See Box 5 for core general implementation strategies.


Updating models of care meets international calls to action on FH9,24,25. This guidance aims to provide comprehensive recommendations for providing the best clinical care for the greatest number of people with FH worldwide. The recommendations inform both broad and narrow areas of practice across the continuum of care2,17. Strong recommendations, mostly informed by high-quality evidence, as well as by common sense, should be followed as best practice, whereas the weaker recommendations are optional and provide a basis for further research2,16,17,36,289 (for references supporting recommendations, see Supplementary Material 6).

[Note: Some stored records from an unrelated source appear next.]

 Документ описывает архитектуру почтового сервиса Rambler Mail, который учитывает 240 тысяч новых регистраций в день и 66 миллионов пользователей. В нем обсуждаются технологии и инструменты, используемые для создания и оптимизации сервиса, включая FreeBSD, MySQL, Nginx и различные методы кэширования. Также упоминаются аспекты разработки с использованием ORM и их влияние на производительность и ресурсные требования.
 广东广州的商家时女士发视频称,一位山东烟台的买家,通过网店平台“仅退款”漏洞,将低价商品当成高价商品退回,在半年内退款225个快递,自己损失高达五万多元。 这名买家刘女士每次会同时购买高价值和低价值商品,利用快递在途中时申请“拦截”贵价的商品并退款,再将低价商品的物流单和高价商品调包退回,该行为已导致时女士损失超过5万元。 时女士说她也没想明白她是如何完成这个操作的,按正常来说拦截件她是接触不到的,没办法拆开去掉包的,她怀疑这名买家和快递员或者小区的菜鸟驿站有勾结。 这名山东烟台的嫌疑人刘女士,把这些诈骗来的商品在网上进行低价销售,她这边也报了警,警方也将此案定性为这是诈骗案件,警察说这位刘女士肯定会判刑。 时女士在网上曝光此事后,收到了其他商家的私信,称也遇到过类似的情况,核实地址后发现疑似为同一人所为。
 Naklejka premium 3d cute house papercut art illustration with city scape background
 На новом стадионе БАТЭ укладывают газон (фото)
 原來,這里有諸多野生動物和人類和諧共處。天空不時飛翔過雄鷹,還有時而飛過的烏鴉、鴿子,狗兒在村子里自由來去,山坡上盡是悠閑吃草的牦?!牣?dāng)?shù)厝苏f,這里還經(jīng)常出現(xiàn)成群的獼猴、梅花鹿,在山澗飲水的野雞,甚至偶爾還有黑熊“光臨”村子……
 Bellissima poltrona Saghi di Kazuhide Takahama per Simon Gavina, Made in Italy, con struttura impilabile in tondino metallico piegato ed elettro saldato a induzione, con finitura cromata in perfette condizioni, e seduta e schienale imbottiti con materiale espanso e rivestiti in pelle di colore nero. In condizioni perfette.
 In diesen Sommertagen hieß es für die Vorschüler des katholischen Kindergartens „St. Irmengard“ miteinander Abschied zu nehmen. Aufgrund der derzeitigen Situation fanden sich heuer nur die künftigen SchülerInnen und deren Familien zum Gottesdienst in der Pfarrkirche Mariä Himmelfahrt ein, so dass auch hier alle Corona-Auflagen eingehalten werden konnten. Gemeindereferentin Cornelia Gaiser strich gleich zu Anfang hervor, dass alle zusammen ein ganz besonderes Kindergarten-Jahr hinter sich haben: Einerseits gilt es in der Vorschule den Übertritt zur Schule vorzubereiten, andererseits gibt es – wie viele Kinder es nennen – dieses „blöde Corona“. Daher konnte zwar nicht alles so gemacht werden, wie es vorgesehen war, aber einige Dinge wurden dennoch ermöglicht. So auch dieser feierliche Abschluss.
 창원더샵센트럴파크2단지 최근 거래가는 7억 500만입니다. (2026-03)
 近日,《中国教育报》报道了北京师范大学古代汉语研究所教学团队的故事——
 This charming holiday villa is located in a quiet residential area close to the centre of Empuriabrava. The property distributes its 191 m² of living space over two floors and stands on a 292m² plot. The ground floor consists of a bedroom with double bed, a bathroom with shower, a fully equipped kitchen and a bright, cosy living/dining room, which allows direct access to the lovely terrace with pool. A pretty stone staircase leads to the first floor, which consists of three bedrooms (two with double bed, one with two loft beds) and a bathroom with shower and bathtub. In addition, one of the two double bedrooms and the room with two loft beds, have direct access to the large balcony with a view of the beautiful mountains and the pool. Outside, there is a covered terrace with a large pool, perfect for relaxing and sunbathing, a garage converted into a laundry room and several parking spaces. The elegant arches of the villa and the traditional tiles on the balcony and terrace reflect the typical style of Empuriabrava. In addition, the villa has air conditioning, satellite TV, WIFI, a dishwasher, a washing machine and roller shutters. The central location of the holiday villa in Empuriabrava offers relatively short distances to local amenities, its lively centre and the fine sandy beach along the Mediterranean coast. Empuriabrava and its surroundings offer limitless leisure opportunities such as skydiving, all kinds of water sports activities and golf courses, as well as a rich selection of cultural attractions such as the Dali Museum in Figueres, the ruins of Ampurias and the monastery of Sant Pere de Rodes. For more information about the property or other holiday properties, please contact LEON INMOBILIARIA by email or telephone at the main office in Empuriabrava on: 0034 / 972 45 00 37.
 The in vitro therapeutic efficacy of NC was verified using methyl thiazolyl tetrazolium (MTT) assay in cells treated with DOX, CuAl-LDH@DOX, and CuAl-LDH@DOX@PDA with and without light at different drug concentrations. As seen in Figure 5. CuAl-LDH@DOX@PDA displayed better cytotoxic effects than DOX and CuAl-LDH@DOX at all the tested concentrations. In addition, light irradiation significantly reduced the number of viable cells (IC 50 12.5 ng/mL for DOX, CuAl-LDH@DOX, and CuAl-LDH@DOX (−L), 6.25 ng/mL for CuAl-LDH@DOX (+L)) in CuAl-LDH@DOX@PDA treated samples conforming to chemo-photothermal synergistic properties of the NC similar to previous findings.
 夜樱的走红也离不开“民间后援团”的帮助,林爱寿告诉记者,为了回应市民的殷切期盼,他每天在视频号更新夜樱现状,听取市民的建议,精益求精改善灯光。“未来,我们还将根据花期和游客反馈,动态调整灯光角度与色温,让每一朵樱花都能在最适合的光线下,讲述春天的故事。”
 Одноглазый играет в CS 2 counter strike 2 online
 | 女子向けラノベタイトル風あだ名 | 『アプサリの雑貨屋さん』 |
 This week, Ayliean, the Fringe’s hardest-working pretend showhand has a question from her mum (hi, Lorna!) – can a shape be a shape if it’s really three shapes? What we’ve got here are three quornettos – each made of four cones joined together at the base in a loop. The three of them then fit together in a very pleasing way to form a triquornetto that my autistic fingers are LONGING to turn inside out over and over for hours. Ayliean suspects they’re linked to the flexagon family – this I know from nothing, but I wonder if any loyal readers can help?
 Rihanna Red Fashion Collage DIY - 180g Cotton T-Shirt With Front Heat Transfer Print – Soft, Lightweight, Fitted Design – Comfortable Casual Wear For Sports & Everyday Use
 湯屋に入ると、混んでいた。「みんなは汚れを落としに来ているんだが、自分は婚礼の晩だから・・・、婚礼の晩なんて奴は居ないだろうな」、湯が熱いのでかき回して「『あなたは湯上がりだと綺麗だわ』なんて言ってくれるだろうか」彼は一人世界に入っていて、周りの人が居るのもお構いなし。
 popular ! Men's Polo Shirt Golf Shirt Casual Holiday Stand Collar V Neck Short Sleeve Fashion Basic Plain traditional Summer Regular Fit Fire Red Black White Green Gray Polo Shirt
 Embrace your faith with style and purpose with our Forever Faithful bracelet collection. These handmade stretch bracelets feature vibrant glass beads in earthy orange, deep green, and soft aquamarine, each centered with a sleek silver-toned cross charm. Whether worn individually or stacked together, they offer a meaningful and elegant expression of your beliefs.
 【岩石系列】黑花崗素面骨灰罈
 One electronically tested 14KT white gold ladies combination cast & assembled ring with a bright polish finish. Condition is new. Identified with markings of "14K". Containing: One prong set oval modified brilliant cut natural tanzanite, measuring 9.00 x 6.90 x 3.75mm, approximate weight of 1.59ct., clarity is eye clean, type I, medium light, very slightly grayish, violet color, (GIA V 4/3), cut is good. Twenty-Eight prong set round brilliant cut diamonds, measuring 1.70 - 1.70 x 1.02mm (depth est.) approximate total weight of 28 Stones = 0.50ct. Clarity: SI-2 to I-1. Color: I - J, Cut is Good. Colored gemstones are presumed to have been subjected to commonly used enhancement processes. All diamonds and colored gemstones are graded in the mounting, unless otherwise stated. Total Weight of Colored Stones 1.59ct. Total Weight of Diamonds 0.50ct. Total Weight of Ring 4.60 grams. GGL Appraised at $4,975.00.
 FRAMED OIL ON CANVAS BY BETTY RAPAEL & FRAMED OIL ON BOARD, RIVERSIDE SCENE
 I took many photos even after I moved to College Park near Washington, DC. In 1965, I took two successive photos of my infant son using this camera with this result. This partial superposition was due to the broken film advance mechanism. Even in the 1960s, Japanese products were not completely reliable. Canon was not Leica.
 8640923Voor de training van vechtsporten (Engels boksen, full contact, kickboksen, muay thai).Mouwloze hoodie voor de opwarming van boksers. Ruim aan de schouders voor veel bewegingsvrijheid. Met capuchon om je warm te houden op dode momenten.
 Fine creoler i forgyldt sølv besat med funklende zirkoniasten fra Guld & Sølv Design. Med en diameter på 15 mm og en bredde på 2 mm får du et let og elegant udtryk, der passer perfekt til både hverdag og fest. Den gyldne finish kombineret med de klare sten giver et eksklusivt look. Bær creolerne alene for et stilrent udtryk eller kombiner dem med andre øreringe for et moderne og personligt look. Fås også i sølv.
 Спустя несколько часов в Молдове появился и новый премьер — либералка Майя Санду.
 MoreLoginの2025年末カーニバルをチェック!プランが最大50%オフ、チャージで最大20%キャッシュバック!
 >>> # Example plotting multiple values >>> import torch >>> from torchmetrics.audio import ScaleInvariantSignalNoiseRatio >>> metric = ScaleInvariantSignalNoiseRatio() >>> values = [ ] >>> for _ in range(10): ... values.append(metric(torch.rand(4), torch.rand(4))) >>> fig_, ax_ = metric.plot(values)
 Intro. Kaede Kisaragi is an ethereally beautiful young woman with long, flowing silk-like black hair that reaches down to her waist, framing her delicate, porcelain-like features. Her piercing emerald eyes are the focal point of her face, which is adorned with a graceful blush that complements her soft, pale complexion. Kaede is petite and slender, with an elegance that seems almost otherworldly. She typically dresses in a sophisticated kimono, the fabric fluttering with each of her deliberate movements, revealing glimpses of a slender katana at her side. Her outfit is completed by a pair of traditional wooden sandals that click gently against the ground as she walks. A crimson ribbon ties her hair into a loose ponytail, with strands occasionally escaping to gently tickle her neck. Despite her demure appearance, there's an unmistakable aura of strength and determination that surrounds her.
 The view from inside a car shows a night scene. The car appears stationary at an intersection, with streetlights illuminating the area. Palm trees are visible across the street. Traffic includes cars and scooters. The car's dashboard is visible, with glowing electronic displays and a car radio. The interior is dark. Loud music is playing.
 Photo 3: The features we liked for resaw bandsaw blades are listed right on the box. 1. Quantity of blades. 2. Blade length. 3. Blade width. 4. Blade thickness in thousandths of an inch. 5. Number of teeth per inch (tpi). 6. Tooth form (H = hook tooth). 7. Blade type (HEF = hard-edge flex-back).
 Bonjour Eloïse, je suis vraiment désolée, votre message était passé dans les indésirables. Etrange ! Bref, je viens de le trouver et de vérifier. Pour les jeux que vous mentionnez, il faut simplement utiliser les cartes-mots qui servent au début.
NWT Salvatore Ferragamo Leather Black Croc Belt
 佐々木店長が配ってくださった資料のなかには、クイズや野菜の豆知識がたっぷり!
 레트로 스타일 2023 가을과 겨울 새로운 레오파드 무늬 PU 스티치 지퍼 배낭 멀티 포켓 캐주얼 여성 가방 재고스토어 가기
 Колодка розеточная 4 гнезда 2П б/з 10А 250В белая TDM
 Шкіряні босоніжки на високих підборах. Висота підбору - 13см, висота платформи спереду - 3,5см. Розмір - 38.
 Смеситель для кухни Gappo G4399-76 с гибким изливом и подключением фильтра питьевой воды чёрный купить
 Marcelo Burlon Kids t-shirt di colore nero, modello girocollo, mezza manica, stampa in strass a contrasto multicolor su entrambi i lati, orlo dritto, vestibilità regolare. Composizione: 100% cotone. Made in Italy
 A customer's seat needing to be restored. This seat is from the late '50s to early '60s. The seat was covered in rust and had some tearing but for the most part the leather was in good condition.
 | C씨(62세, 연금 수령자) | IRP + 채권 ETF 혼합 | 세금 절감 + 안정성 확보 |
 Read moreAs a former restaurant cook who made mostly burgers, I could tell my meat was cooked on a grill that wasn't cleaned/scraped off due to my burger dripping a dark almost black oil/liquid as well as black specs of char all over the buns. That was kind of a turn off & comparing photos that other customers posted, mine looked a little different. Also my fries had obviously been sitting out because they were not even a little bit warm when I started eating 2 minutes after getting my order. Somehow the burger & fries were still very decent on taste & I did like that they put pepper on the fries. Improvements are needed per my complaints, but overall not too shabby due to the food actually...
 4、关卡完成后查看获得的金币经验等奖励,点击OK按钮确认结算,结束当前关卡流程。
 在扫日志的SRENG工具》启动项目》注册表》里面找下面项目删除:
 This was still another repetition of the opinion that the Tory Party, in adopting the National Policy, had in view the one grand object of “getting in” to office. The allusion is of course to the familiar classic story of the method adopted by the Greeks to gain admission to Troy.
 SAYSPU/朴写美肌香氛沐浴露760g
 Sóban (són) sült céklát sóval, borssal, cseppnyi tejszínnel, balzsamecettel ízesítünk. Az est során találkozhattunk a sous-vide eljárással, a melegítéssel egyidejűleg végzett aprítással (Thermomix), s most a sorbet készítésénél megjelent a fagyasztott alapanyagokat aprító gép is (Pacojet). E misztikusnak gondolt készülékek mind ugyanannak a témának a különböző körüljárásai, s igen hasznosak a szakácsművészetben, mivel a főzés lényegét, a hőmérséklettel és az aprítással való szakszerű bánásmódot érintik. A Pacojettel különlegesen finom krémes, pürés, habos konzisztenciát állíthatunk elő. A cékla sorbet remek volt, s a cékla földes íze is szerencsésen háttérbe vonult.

Because of economic, political, cultural and social differences among countries, the recommendations we make might not be universally applicable or adopted.

Nevertheless, exponential growth in new knowledge on the diagnosis and effective therapies for FH2 has set a precedence for countries to aspire to developing high-quality, integrated health-care systems for FH2,9,23,24,25. A challenge for health-care organizations is adapting to the demands of the complexities of changes required2. Implementation science provides the best methodology to address this challenge and was, therefore, used to support the clinical recommendations29,30,32,280.

However, evaluating implementation practice, including patient-reported outcomes and experiences, is an ongoing challenge for evolving models of care for patients with FH29,32,37,280. Beyond observational investigations, future implementation research on FH should involve interventional studies, ideally based on randomized, stepped-wedge, hybrid, counterbalanced and adaptive designs32,279,287. Researchers should make particular efforts to include subjects from diverse socioeconomic strata, ancestries and geographical location. These studies would increase generalizability and allow replication of findings across different real-world settings. The development and utilization of integrated care systems to improve the health outcomes of all patients with FH remains a global challenge for implementation programmes290.